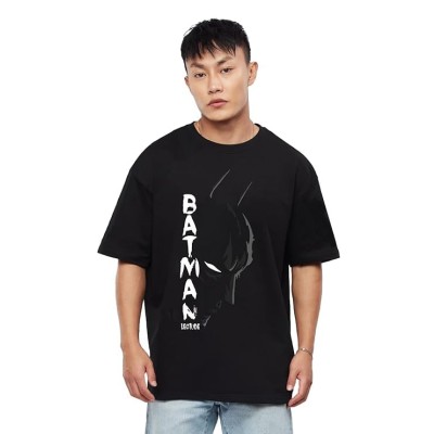 男士半袖超大号T恤,圆领棉混纺落肩印花T恤(黑色)
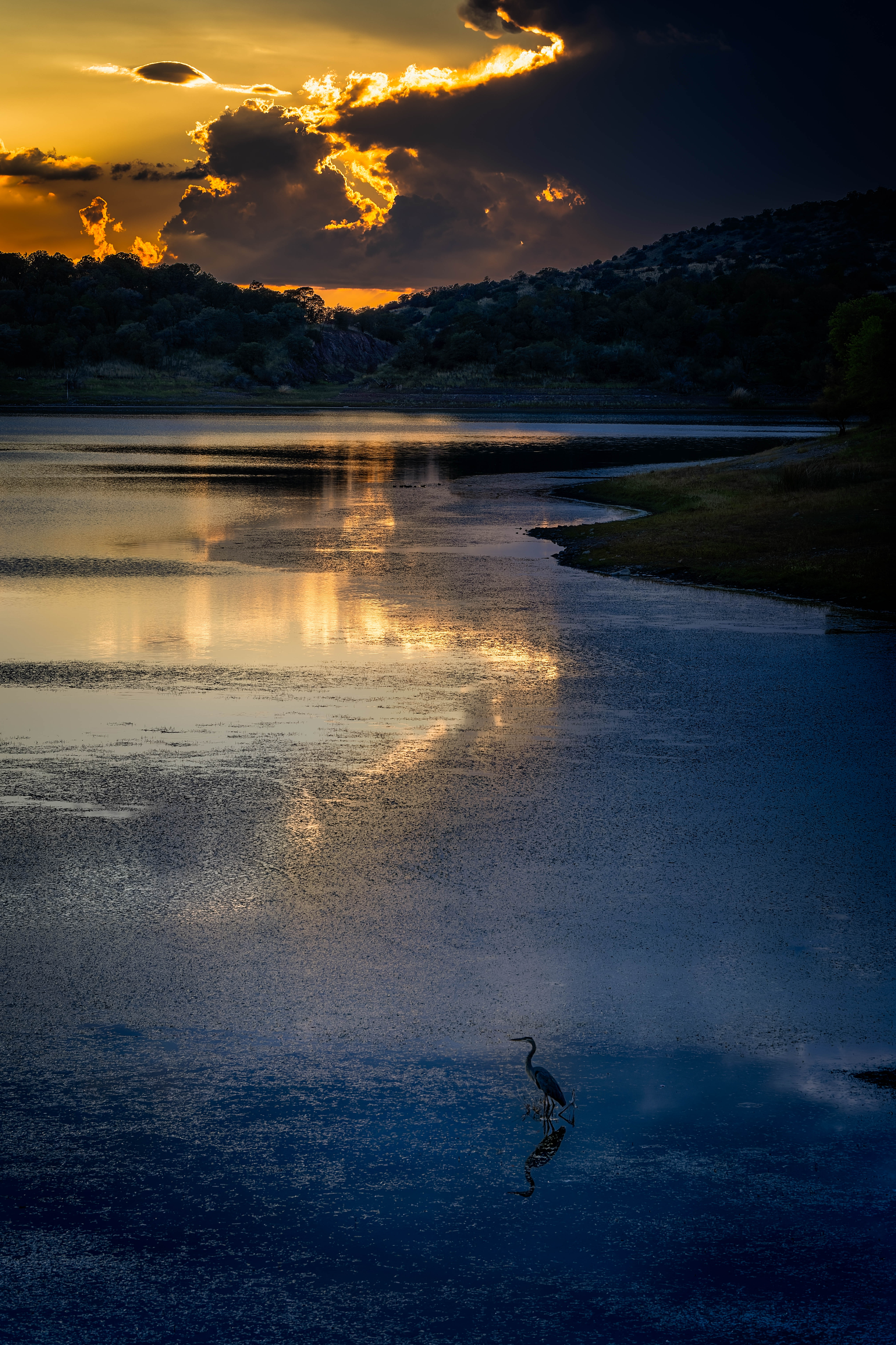 A Heron watching the setting sun on Parker Canyon Lake.
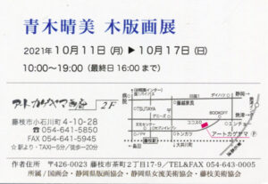 国展 > 展覧会情報 > 版画の展示 > 青木晴美 木版画展_藤枝アートカゲヤマ画廊 青木晴美 木版画展_藤枝アートカゲヤマ画廊 青木晴美 木版画展 ■会 期■ 2021年10月11日(月)~17日(日) 10:00~19:00(最終日 16:00まで) ■会 場■ アートカゲヤマ画廊(2F) 藤枝市小石川町4ー10ー28 TEL 054-641-5850 作家ページ 共有: Facebook で共有するにはクリックしてください (新しいウィンドウで開きます) Facebook クリックして X で共有 (新しいウィンドウで開きます) X 2021/10/11 2021/10/11 展覧会情報, 版画の展示|個展, 静岡(藤枝)
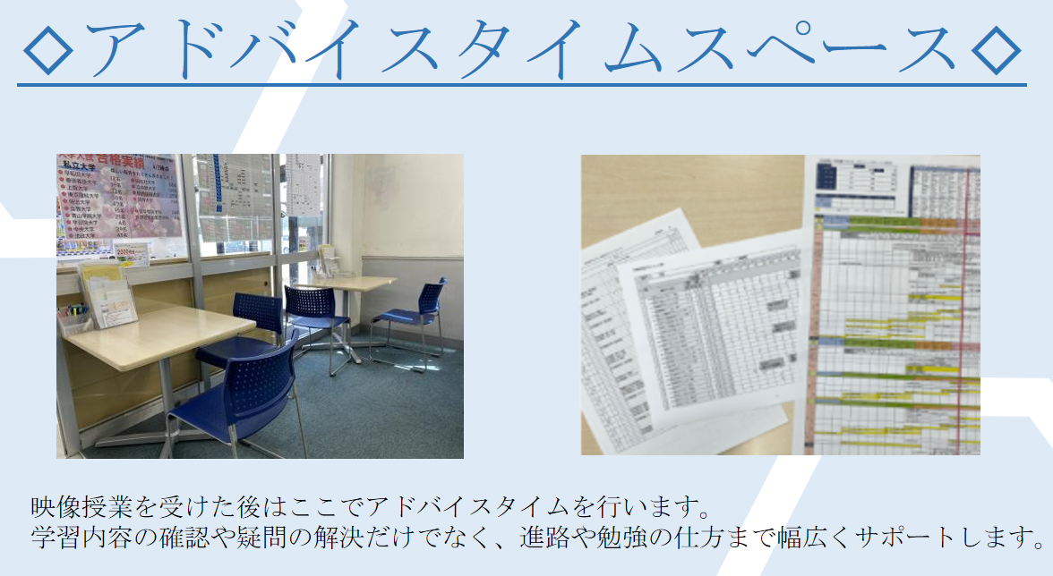 オンラインでアドバイスタイムや学習相談などのサポートも行います。

◆ WORK TO COMPLETE ◆
Reproduce the data above word for word from its first line through the line that holds "A Heron watching", both ends included; skip pictures.

◆ REPLY TO THE EXERCISE ◆
 男士半袖超大号T恤,圆领棉混纺落肩印花T恤(黑色)
 A Heron watching the setting sun on Parker Canyon Lake.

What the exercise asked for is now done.